Data items:
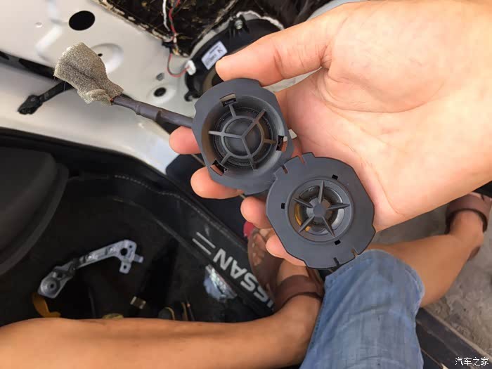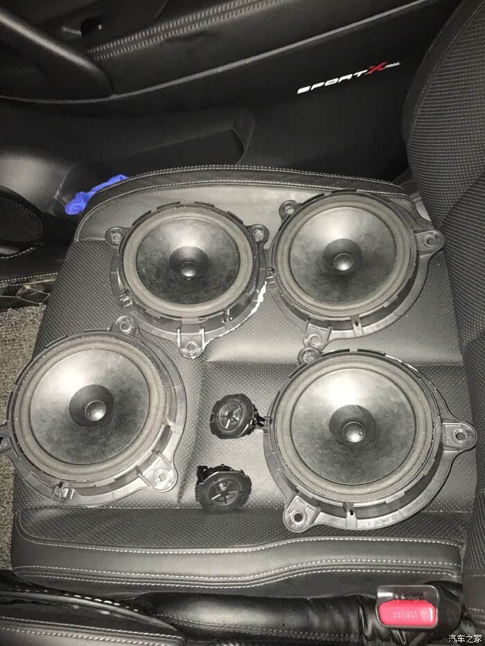 如图。两边高音头,四门喇叭全部更换完毕。复位所有拆下来的东西,试试效果哈。
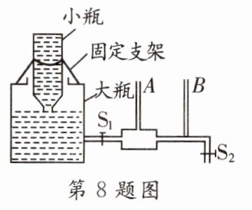 D.若关闭止水阀$ S_{2} $,打开止水阀$ S_{1} $,待水面稳定后,A、B两管的水面与大瓶中水面一样高
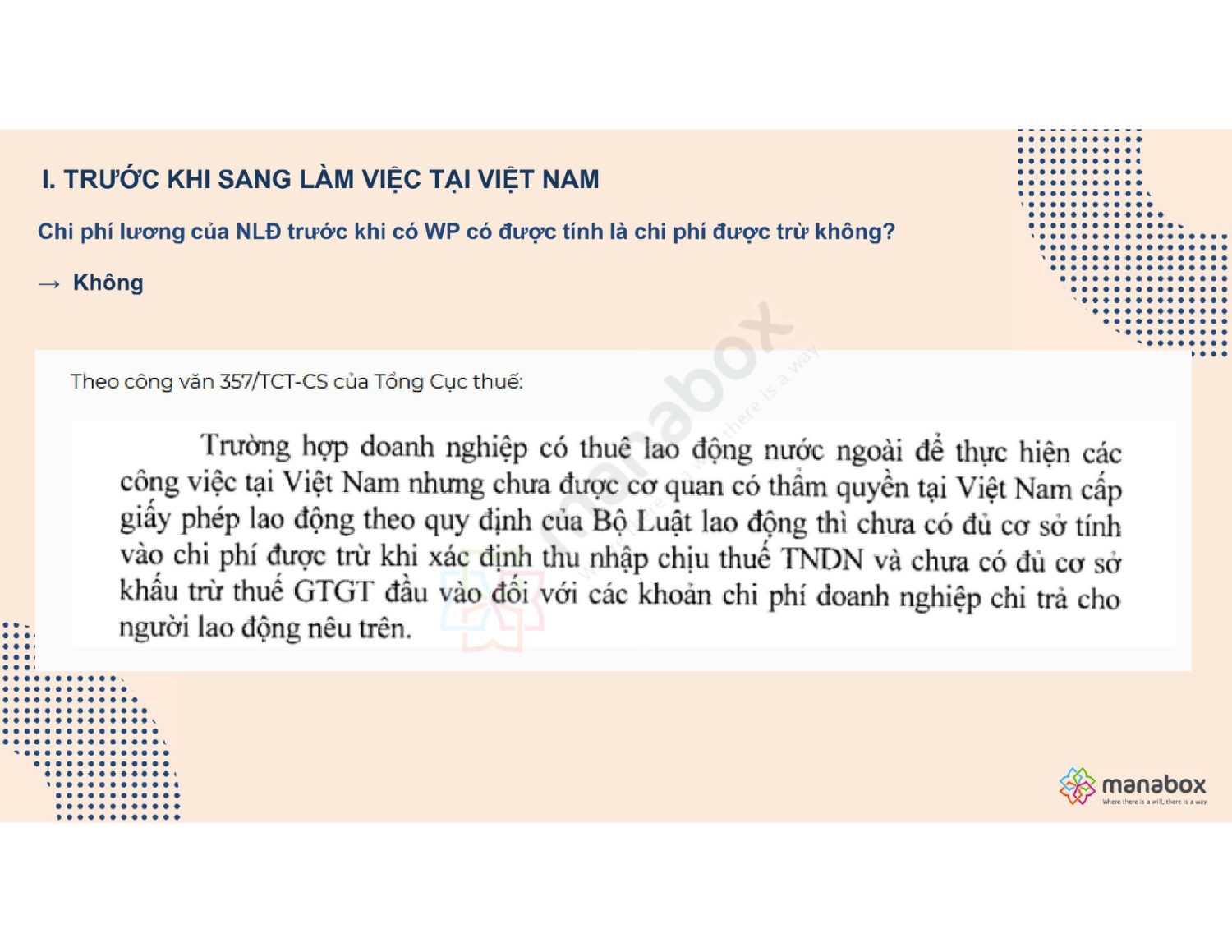 Các khoản chi phí trên thì đươc tính vào chi phí được trừ nếu có hồ sơ hợp lệ do gắn với công việc của người nước ngoài tại Việt Nam. Tuy nhiên, với vấn đề chi phí lương của NLĐ trước khi có giấy phép lao động – WP có được tính là chi phí được trừ không? Xem công văn 357/TCT-CS trả lời
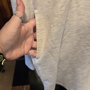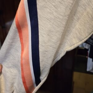 Nice cream colored sweatshirt dress by Inspired Hearts in a misses size XL. it is cream with blue white and peach striping on arms and upper back. It is new without tags
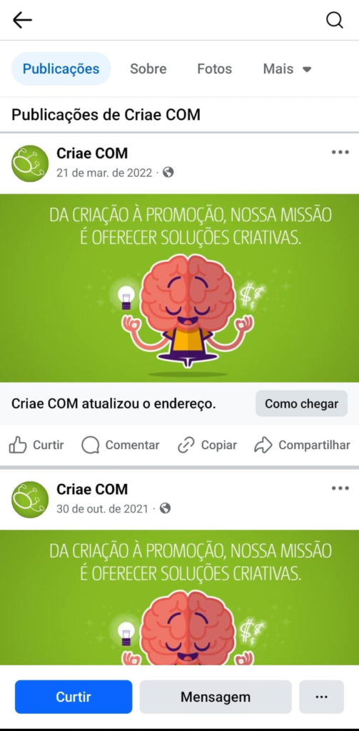 Em uma varredura para verificarmos outros trabalhos nesse nível a órgãos do governo ou empresas privadas, nada foi encontrado. A página da empresa na rede social Facebook não é movimentada desde março de 2022. Confira a imagem abaixo.
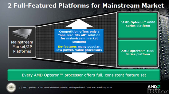 ¶ÇÇÑ AMD´Â ¼¹ö ÇÁ·Î¼¼¼ÀÇ ¼º´É Çâ»óÀ¸·Î ÀüüÀûÀÎ ½ÃÀåÀÌ Ä¿Áö°í ÀÖ´Â 2P Ç÷§Æû ¸ÞÀνºÆ®¸² ½ÃÀåÀ» ¿ÉÅ×·Ð 6000 ½Ã¸®Á »ç¿ëÇÑ °í¼º´É°ú ¿ÉÅ×·Ð 4000 ½Ã¸®Á »ç¿ëÇÑ 2°³ÀÇ Á¦Ç°±ºÀ¸·Î ³ª´«´Ù. °¡Àå Å« Á¡À¯À²À» °¡Áø 2P ¼¹ö ½ÃÀåÀ» 2°³ÀÇ Æ¯Â¡À» °¡Áø ¼¹ö Ç÷§ÆûÀ¸·Î Ä¿¹öÇÑ´Ù.
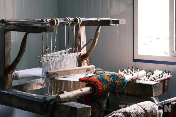 走進(jìn)氆氌紡織間,隊員們看到木質(zhì)的紡織機(jī)在吱嘎作響,工人左右手快速地配合,雙腳在幾個踏板間有條不紊地轉(zhuǎn)換,雙眼緊隨著雙手快速地游移目光,嫻熟程度令人嘆為觀止。
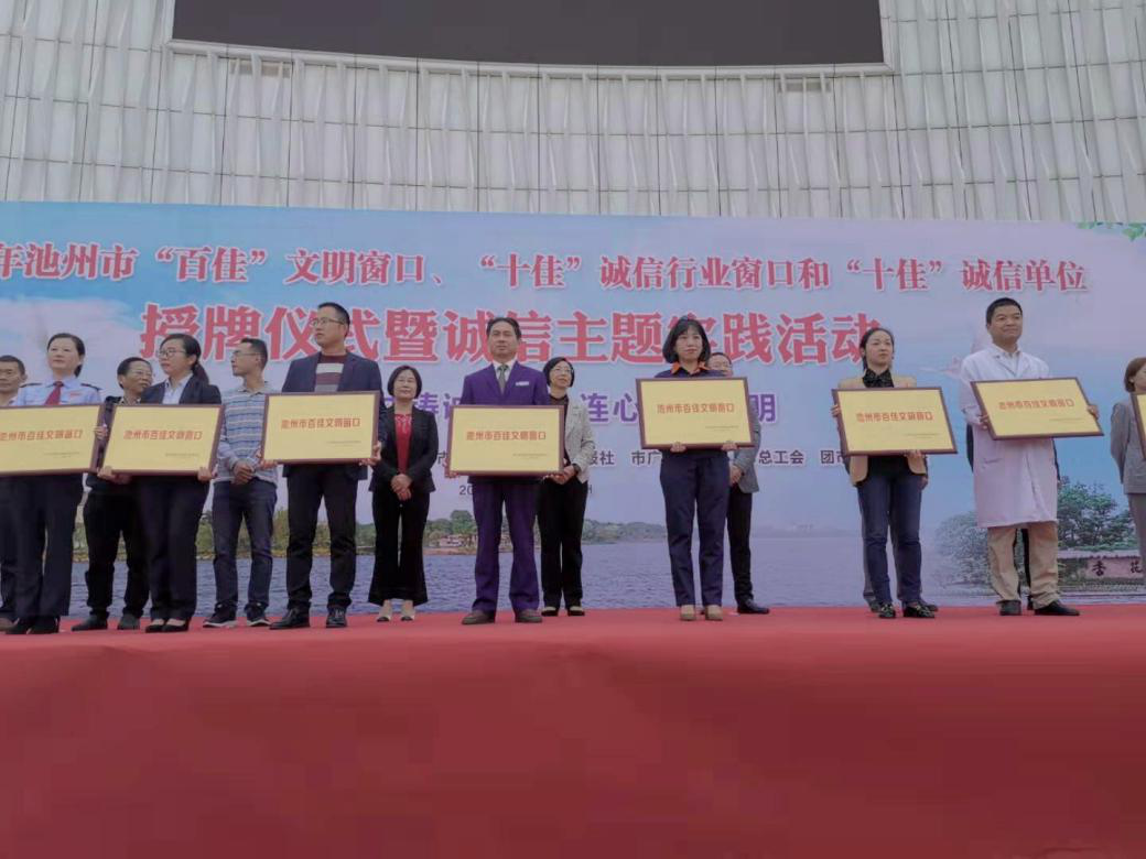 2019年10月18日上午10點(diǎn),市文明辦在遠(yuǎn)東國(guó)際廣場(chǎng)舉辦了池州市百佳文明窗口、十佳誠(chéng)信行業(yè)窗口和十佳誠(chéng)信單位授牌儀式暨誠(chéng)信主題實(shí)踐活動(dòng),池州市供水公司客戶服務(wù)中心被授予“池州市百佳文明窗口”稱號(hào)。此項(xiàng)榮譽(yù)的獲得代表了各級(jí)主管單位與社會(huì)大眾對(duì)池州市供水公司窗口服務(wù)工作的充分認(rèn)可,展示了供水公司良好的品牌形象。

**PROBLEM STATEMENT**
Skip the pictures, then retype every line above exactly.

**COMPLETED EXERCISE**
 如图。两边高音头,四门喇叭全部更换完毕。复位所有拆下来的东西,试试效果哈。
 D.若关闭止水阀$ S_{2} $,打开止水阀$ S_{1} $,待水面稳定后,A、B两管的水面与大瓶中水面一样高
 Các khoản chi phí trên thì đươc tính vào chi phí được trừ nếu có hồ sơ hợp lệ do gắn với công việc của người nước ngoài tại Việt Nam. Tuy nhiên, với vấn đề chi phí lương của NLĐ trước khi có giấy phép lao động – WP có được tính là chi phí được trừ không? Xem công văn 357/TCT-CS trả lời
 Nice cream colored sweatshirt dress by Inspired Hearts in a misses size XL. it is cream with blue white and peach striping on arms and upper back. It is new without tags
 Em uma varredura para verificarmos outros trabalhos nesse nível a órgãos do governo ou empresas privadas, nada foi encontrado. A página da empresa na rede social Facebook não é movimentada desde março de 2022. Confira a imagem abaixo.
 ¶ÇÇÑ AMD´Â ¼¹ö ÇÁ·Î¼¼¼ÀÇ ¼º´É Çâ»óÀ¸·Î ÀüüÀûÀÎ ½ÃÀåÀÌ Ä¿Áö°í ÀÖ´Â 2P Ç÷§Æû ¸ÞÀνºÆ®¸² ½ÃÀåÀ» ¿ÉÅ×·Ð 6000 ½Ã¸®Á »ç¿ëÇÑ °í¼º´É°ú ¿ÉÅ×·Ð 4000 ½Ã¸®Á »ç¿ëÇÑ 2°³ÀÇ Á¦Ç°±ºÀ¸·Î ³ª´«´Ù. °¡Àå Å« Á¡À¯À²À» °¡Áø 2P ¼¹ö ½ÃÀåÀ» 2°³ÀÇ Æ¯Â¡À» °¡Áø ¼¹ö Ç÷§ÆûÀ¸·Î Ä¿¹öÇÑ´Ù.
 走進(jìn)氆氌紡織間,隊員們看到木質(zhì)的紡織機(jī)在吱嘎作響,工人左右手快速地配合,雙腳在幾個踏板間有條不紊地轉(zhuǎn)換,雙眼緊隨著雙手快速地游移目光,嫻熟程度令人嘆為觀止。
 2019年10月18日上午10點(diǎn),市文明辦在遠(yuǎn)東國(guó)際廣場(chǎng)舉辦了池州市百佳文明窗口、十佳誠(chéng)信行業(yè)窗口和十佳誠(chéng)信單位授牌儀式暨誠(chéng)信主題實(shí)踐活動(dòng),池州市供水公司客戶服務(wù)中心被授予“池州市百佳文明窗口”稱號(hào)。此項(xiàng)榮譽(yù)的獲得代表了各級(jí)主管單位與社會(huì)大眾對(duì)池州市供水公司窗口服務(wù)工作的充分認(rèn)可,展示了供水公司良好的品牌形象。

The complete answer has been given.